At the other end of the scale, by way of contrast, the Met’s principle research scientist John Mitchell told us: “People underestimate the power of models. Observational evidence is not very useful,” adding, “Our approach is not entirely empirical.”
Yes, you could say that.
Ken Haapala on the history of models vs. empirical evidence
Lockwood’s failed argument against a solar explanation
Orlowski on Lockwood:
The strongest argument, according to Lockwood, for the sun not being a driver in recent climatic activity is that “it has been going in the wrong direction for 30 years.”
Hmmm. So as soon as solar magnetic activity passed its peak, when it was still at some of the highest levels ever recorded, these very high levels of solar activity could no longer have caused warming?
As I have noted a number of times, this argument depends on an unstated assumption that, by 30 years ago (by 1980 or so), ocean temperatures had equilibrated to whatever forcing effect the 20th century’s high level of solar activity might be having. Otherwise the continued high level of forcing would continue to create warming until equilibrium was reached, regardless of whether solar activity had peaked yet. (The actual peak seems to have been solar cycle 22, from 1986-96, not 1980, as Lockwood claims.)
When I pressed Lockwood on his implicit equilibrium assumption he justified it by citing evidence that the planet's surface temperature response to solar activity peters out (as measured by decorrelation) within a few years:
Almost all estimates have been in the 1-10 year range.
But decorrelation between surface temperatures and solar activity is very different from equilibrium. All decorrelation is measuring is the rapid temperature response of the upper ocean layer when solar activity rises or falls. That rapid response indicates that the sun is indeed a powerful driver of global temperature, but it says next to nothing about how long it takes for heat to carry into and out of deeper ocean layers.
This was brought out by AGW believers like Gavin Schmidt who are concerned about the energy balance implications of equilibration-speed. In a simple energy balance model, rapid equilibration implies (other things equal) that climate sensitivity must be low. Since belief depends on high climate sensitivity, the rapid equilibration claim cited by Lockwood had to be shot down, which was managed quite successfully (ibid).

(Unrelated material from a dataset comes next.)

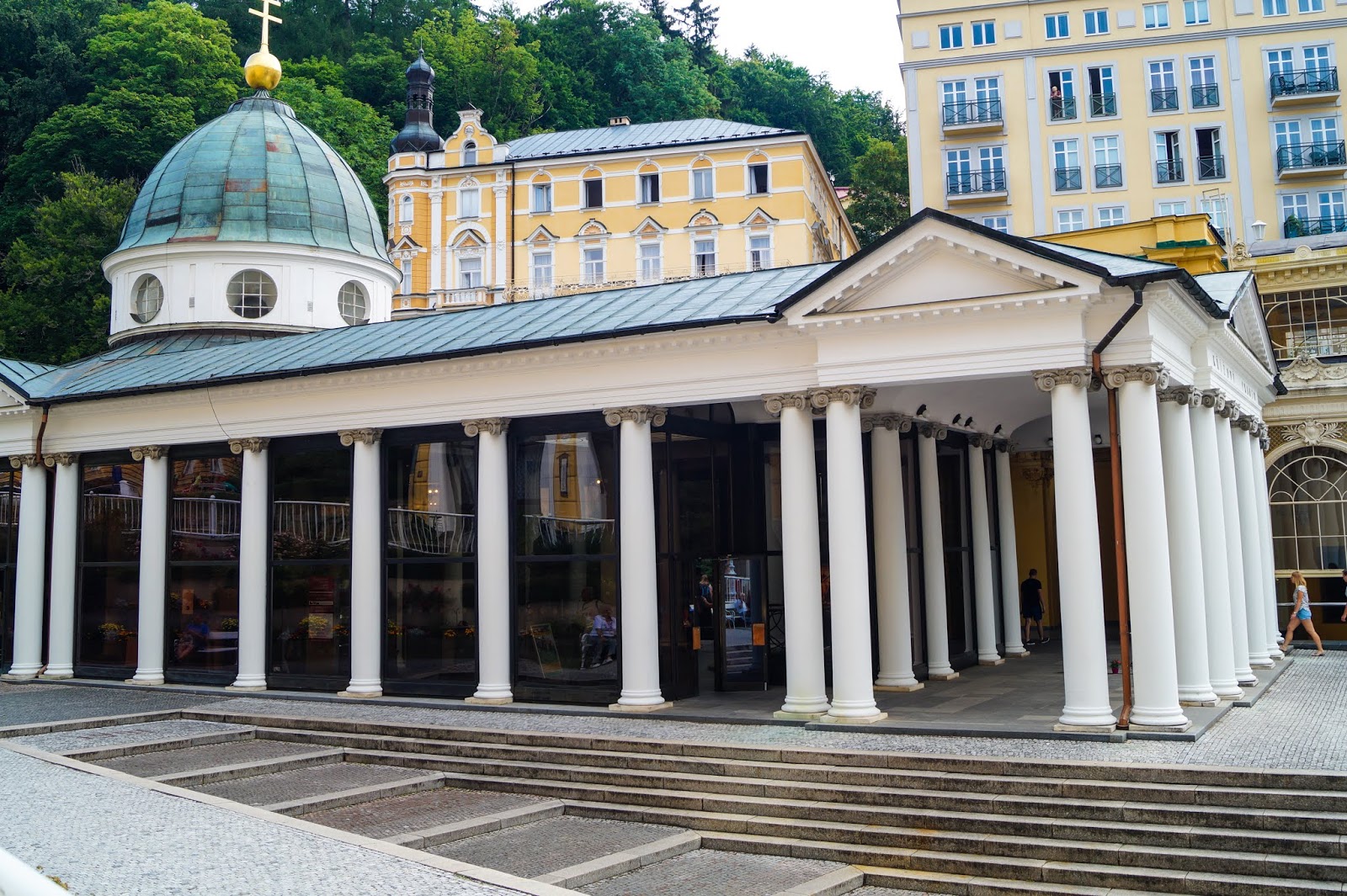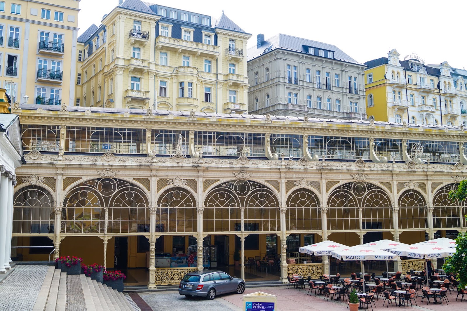 On our way back we went through the collonnade (this building is from 1827 and the arches and windows are so beautiful). This was the main area of Marienbad in the earlier years where everybody gathered when something happened or when there was a celebration. Like a village square. Also located here is a „Singing“ fountain. The fountains plays music at every odd hour.

In sum, Lockwood’s rapid equilibrium assumption is dead and buried, leaving him no grounds for dismissing a solar explanation for post 70′s warming. I’ll keep an eye out for video of Lockwood’s presentation, but I doubt he mentioned the rapid equilibrium assumption upon which his argument depends.
More punk students
Remember these graduate student “climate scientists,” going all Clockwork Orange for the planet or something:
Sounds like they made an appearance at Downing College too:
The audience had been good enough to heed Howard’s opening advice that “if anybody mentions Climategate, they’ll be evicted”. Nobody ambushed the CRU crew all day – it was all very polite. I noted that the skeptics made a point of listening politely to the warmists, and applauding them all. A group of students and a few others, simply giggled and mocked the skeptics, however from start to finish. One of their tutors (I presume) was in hysterics all day.
Give ‘em an A. They learned their “observational evidence is not very useful” lesson well.
(Posted a couple weeks ago at WUWT. I'm being kind of lackadaisical about updating things here.)